MATERIALS PROVIDED:
───
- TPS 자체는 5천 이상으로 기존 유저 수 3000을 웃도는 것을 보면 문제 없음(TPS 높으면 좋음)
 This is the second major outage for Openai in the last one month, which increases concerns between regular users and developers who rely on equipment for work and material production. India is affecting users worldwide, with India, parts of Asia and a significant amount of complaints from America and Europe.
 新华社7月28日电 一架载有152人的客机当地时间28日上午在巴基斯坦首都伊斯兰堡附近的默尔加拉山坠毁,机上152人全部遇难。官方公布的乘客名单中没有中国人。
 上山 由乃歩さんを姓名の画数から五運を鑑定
───
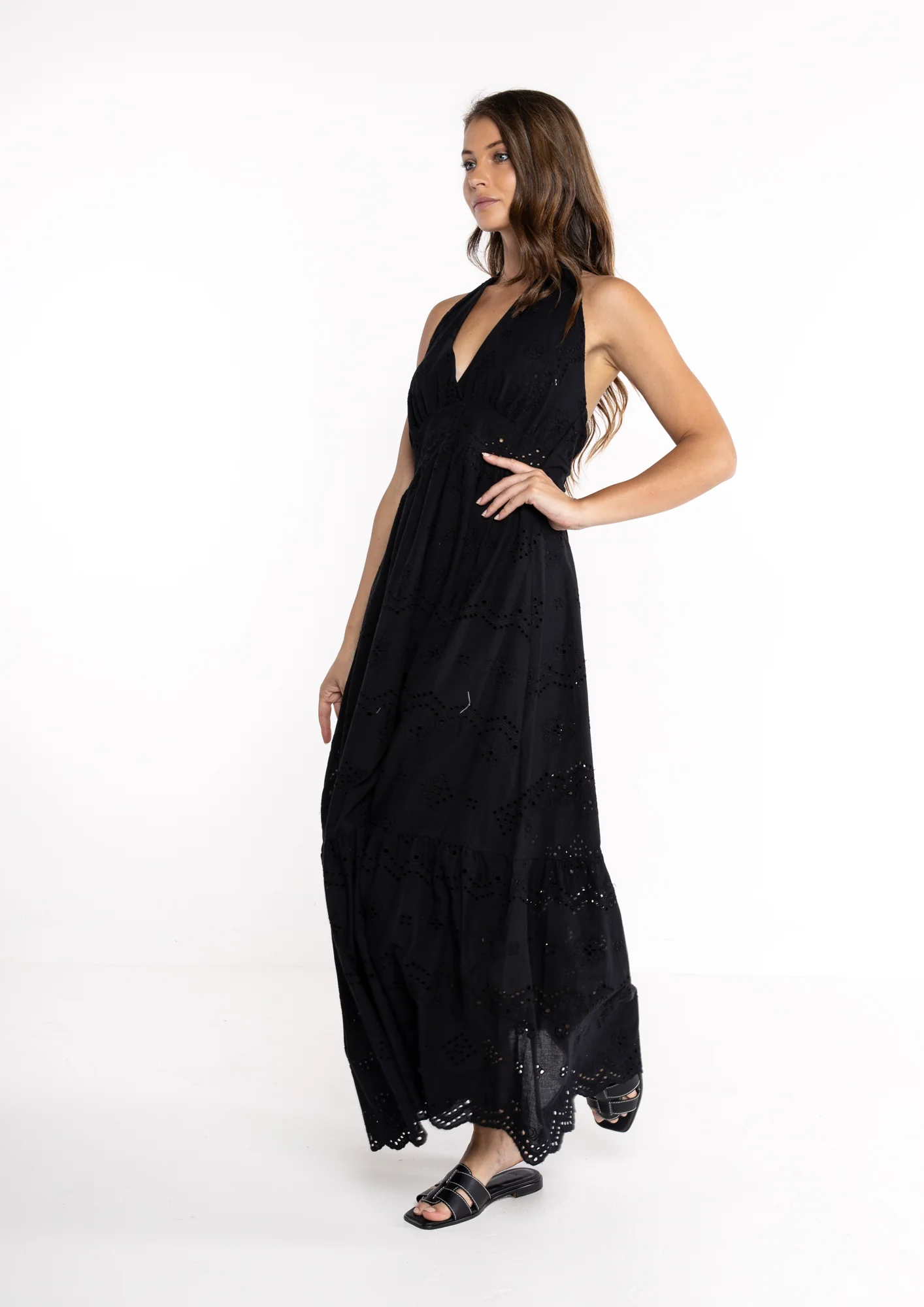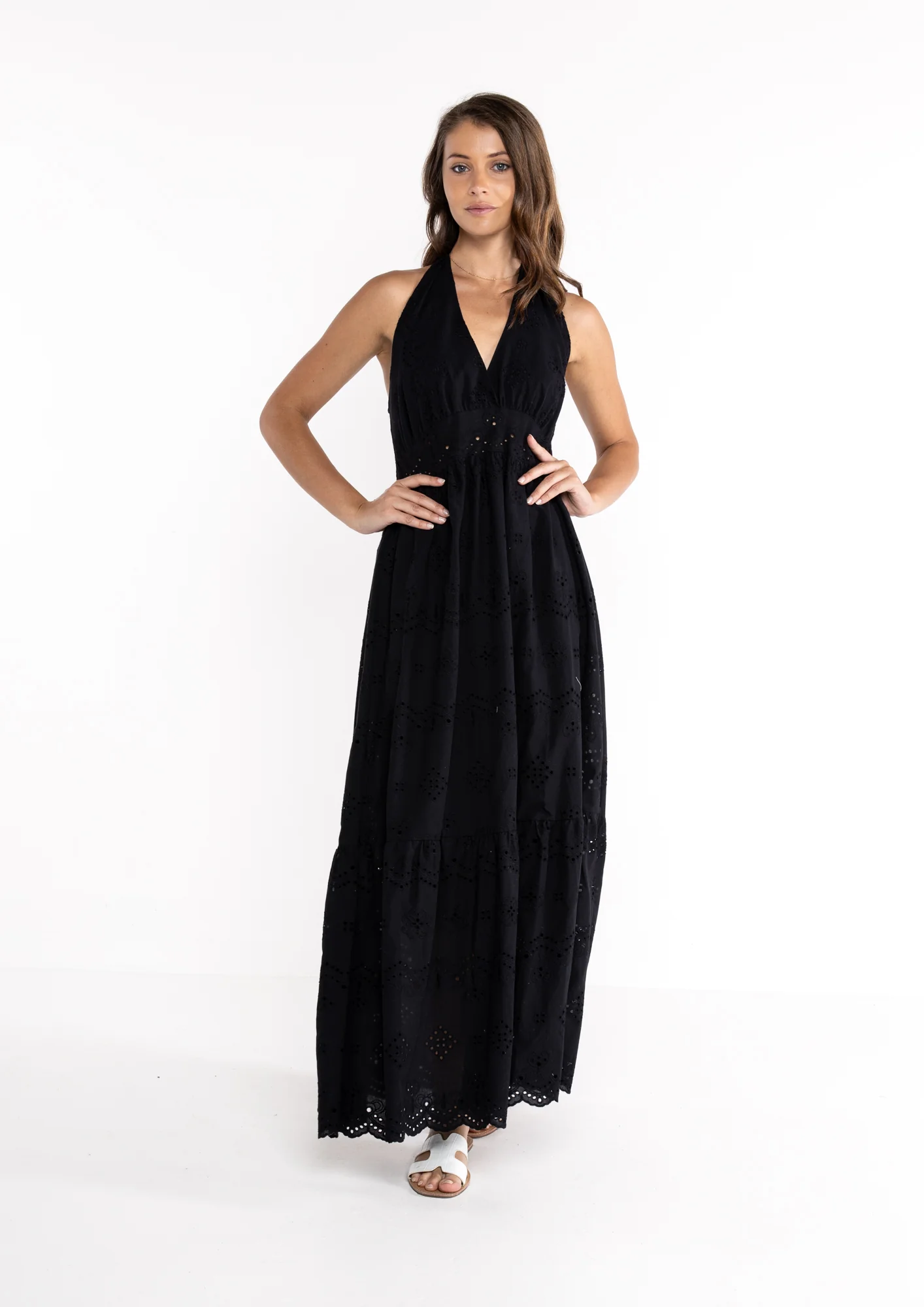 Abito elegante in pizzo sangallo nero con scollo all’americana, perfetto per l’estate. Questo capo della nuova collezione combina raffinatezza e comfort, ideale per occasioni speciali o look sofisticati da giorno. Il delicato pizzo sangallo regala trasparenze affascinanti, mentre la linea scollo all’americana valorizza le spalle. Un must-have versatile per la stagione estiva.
───
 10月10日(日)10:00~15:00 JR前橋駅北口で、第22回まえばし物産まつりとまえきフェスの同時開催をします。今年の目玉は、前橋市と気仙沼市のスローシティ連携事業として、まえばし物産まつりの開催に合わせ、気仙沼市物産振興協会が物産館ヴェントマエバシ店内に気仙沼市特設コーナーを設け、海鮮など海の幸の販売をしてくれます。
───
WHAT TO WORK ON: In the records above, the line with "- TPS 자체는 5천" marks the start and the line with "上山 由乃歩さんを姓名の画数から五運を鑑定" marks the end; copy that stretch exactly, both lines included, and nothing else.

EXPECTED OUTPUT:
- TPS 자체는 5천 이상으로 기존 유저 수 3000을 웃도는 것을 보면 문제 없음(TPS 높으면 좋음)
 This is the second major outage for Openai in the last one month, which increases concerns between regular users and developers who rely on equipment for work and material production. India is affecting users worldwide, with India, parts of Asia and a significant amount of complaints from America and Europe.
 新华社7月28日电 一架载有152人的客机当地时间28日上午在巴基斯坦首都伊斯兰堡附近的默尔加拉山坠毁,机上152人全部遇难。官方公布的乘客名单中没有中国人。
 上山 由乃歩さんを姓名の画数から五運を鑑定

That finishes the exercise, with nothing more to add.